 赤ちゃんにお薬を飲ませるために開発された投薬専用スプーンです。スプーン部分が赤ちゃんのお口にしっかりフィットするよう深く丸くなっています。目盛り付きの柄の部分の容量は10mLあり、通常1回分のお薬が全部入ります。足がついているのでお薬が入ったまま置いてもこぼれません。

□ □ □ □

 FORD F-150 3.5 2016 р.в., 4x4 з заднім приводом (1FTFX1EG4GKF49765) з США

□ □ □ □

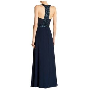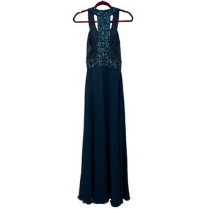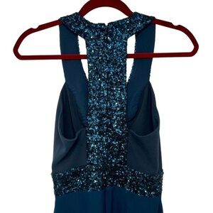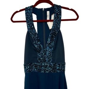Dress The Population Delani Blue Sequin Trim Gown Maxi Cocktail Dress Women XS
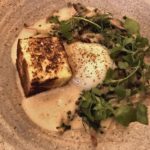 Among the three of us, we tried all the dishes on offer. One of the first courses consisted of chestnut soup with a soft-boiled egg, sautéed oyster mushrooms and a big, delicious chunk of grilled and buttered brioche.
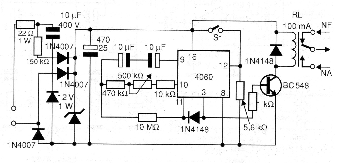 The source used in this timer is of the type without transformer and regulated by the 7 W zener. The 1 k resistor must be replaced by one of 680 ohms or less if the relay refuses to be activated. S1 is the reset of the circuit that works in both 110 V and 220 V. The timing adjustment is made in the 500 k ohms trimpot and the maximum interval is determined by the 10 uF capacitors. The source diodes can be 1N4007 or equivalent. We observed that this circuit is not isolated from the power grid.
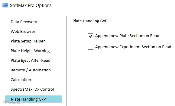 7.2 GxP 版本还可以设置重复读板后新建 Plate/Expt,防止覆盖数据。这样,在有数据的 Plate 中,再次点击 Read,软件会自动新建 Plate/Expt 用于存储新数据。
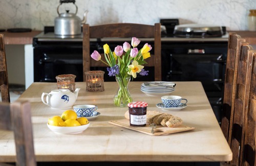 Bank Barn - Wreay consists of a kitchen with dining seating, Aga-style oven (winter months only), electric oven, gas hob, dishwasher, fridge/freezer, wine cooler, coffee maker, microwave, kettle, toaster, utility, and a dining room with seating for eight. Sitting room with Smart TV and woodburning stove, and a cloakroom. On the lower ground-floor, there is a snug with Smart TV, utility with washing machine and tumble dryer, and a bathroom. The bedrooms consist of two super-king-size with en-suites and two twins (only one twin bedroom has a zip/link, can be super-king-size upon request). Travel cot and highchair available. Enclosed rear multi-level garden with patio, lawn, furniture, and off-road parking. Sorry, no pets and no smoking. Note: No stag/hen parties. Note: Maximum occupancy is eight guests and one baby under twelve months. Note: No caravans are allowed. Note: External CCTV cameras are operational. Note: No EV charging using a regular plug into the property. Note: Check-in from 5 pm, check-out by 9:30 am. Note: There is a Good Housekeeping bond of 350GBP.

□ □ □ □

Pictures do not belong in the answer. Return the lines above starting at the one with "Among the three" and ending at the one with "Bank Barn - Wreay", both kept, exactly.

Solution to this problem:
 Among the three of us, we tried all the dishes on offer. One of the first courses consisted of chestnut soup with a soft-boiled egg, sautéed oyster mushrooms and a big, delicious chunk of grilled and buttered brioche.
 The source used in this timer is of the type without transformer and regulated by the 7 W zener. The 1 k resistor must be replaced by one of 680 ohms or less if the relay refuses to be activated. S1 is the reset of the circuit that works in both 110 V and 220 V. The timing adjustment is made in the 500 k ohms trimpot and the maximum interval is determined by the 10 uF capacitors. The source diodes can be 1N4007 or equivalent. We observed that this circuit is not isolated from the power grid.
 7.2 GxP 版本还可以设置重复读板后新建 Plate/Expt,防止覆盖数据。这样,在有数据的 Plate 中,再次点击 Read,软件会自动新建 Plate/Expt 用于存储新数据。
 Bank Barn - Wreay consists of a kitchen with dining seating, Aga-style oven (winter months only), electric oven, gas hob, dishwasher, fridge/freezer, wine cooler, coffee maker, microwave, kettle, toaster, utility, and a dining room with seating for eight. Sitting room with Smart TV and woodburning stove, and a cloakroom. On the lower ground-floor, there is a snug with Smart TV, utility with washing machine and tumble dryer, and a bathroom. The bedrooms consist of two super-king-size with en-suites and two twins (only one twin bedroom has a zip/link, can be super-king-size upon request). Travel cot and highchair available. Enclosed rear multi-level garden with patio, lawn, furniture, and off-road parking. Sorry, no pets and no smoking. Note: No stag/hen parties. Note: Maximum occupancy is eight guests and one baby under twelve months. Note: No caravans are allowed. Note: External CCTV cameras are operational. Note: No EV charging using a regular plug into the property. Note: Check-in from 5 pm, check-out by 9:30 am. Note: There is a Good Housekeeping bond of 350GBP.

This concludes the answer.